Personal information
- Born: October 24, 1970 (age 55) Los Angeles, California, U.S.
- Listed height: 6 ft 3 in (1.91 m)
- Listed weight: 250 lb (113 kg)

Career information
- High school: Pius X (Downey, California)
- College: USC
- NFL draft: 1993: 8th round, 212th overall pick

Career history
- Washington Redskins (1993–1994); Cincinnati Bengals (1994); Green Bay Packers (1996–1998); Kansas City Chiefs (1999)*;
- * Offseason or practice squad member only

Awards and highlights
- Super Bowl champion (XXXI);

Career NFL statistics
- Tackles: 47
- Sacks: 0.5
- Interceptions: 2
- Stats at Pro Football Reference

= Lamont Hollinquest =

American football player (born 1970)

Lamont Bertrell Hollinquest (born October 24, 1970) is an American former professional football player who was a linebacker in the National Football League (NFL) for the Washington Redskins and the Green Bay Packers. He played college football for the USC Trojans.

== Early life ==
Hollinquest attended Pius X High School in Downey, California. After spending a year at a junior college to get his academics up, he played college football at the University of Southern California. Hollinquest started his career as a safety but then moved to linebacker after an influx of recruits and transfers as a senior. It is widely believed Hollinquest introduced USC QB Todd Marinovich to social drugs while they were roommates at USC.

== Professional career ==

=== Washington Redskins ===
Hollinquest was selected by the Washington Redskins in the eighth round (212th pick overall) of the 1993 NFL draft. In his two years with Washington, Hollinquest recorded 22 tackles and an interception.
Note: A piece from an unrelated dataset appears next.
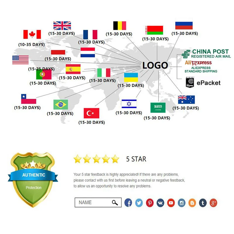 4. Обратите внимание, что покупатели несут ответственность за все дополнительные таможенные сборы, брокерские сборы, пошлины и налоги на импорт в вашу страну. Эти дополнительные сборы могут быть собраны во время доставки. Мы не вернем стоимость доставки за отказ от поставок. Стоимость доставки не включает налоги на импорт, и покупатели несут ответственность за таможенные пошлины.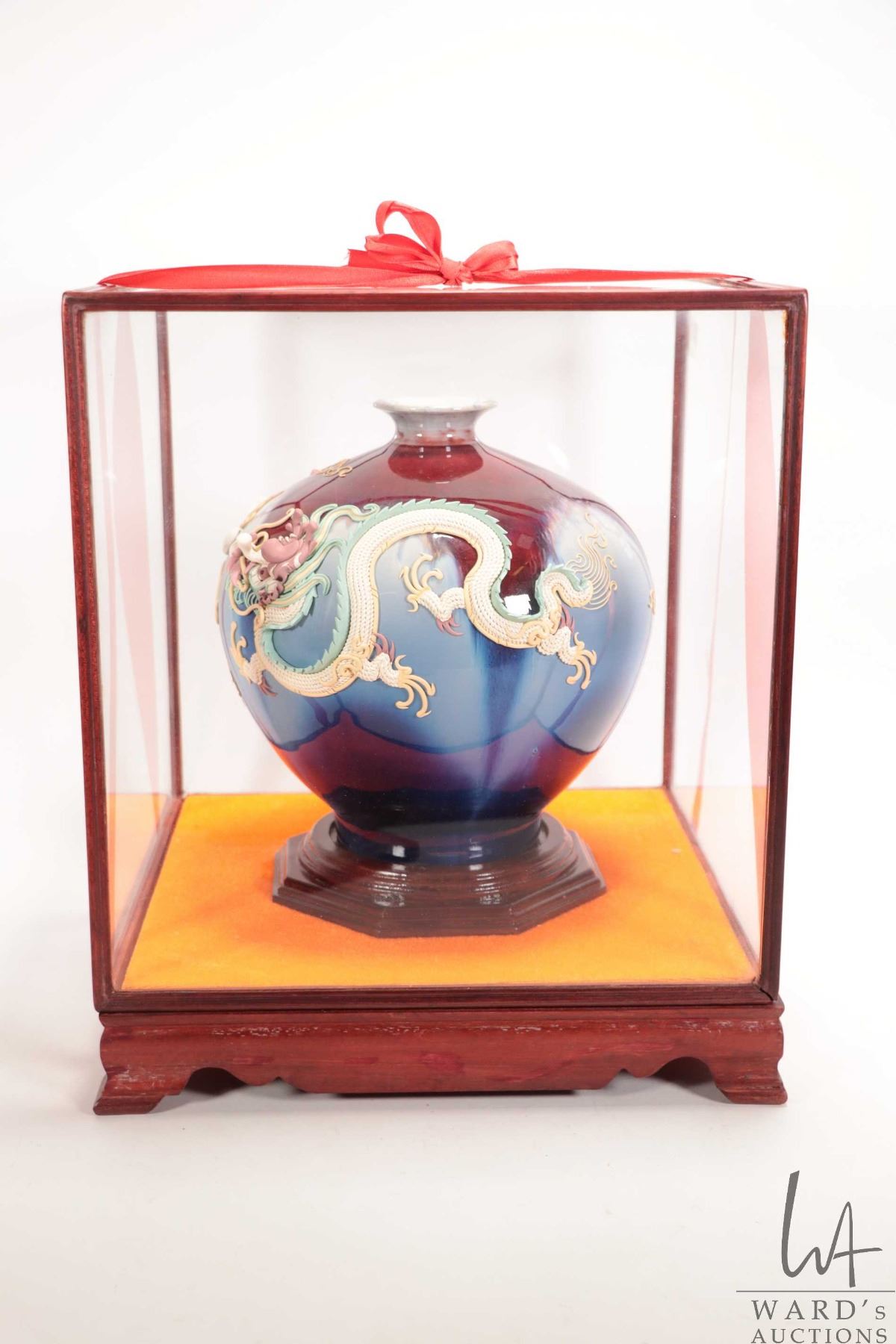 Asian Moriage dragon motif vase in fitted glass 13" X 11" X 11" box, includes lined presentation box

The Redskins waived him near the end of the 1994 season.

=== Cincinnati Bengals ===
Hollinquest was picked up by the Cincinnati Bengals in time for their December 21, 1994, game, but was inactive and was later cut before the 1995 season started.

=== Green Bay Packers ===
Following a tryout, Hollinquest played for the Green Bay Packers starting in the 1996 season. He immediately made an impact on special teams, finishing the year with 15 tackles. He was part of the Packers' Super Bowl XXXI championship team. Hollinquest continued to get more playing time throughout his career in Green Bay, with his tackles increasing each year. The Packers did not re-sign Hollinquest after the 1998 season. After he was cut by the Chiefs, the Packers signed Hollinquest in August 1999 due to a lack of depth at linebacker and the retirement of Robert Brooks. After the NFL suspended Hollinquest for the first four games of the season due to substance abuse problems, the Packers cut Hollinquest on August 30, 1999.

=== Kansas City Chiefs ===
The Kansas City Chiefs signed Hollinquest in March 1999. He was waived before training camp began.

== Post-career life ==
On February 8, 2013, Hollinquest was arrested in Maricopa County, Arizona for narcotic drug possession and use, possession and use of drug paraphernalia and driving with a suspended/revoked license.
He has three kids, Chaz, Courtney and Kohl.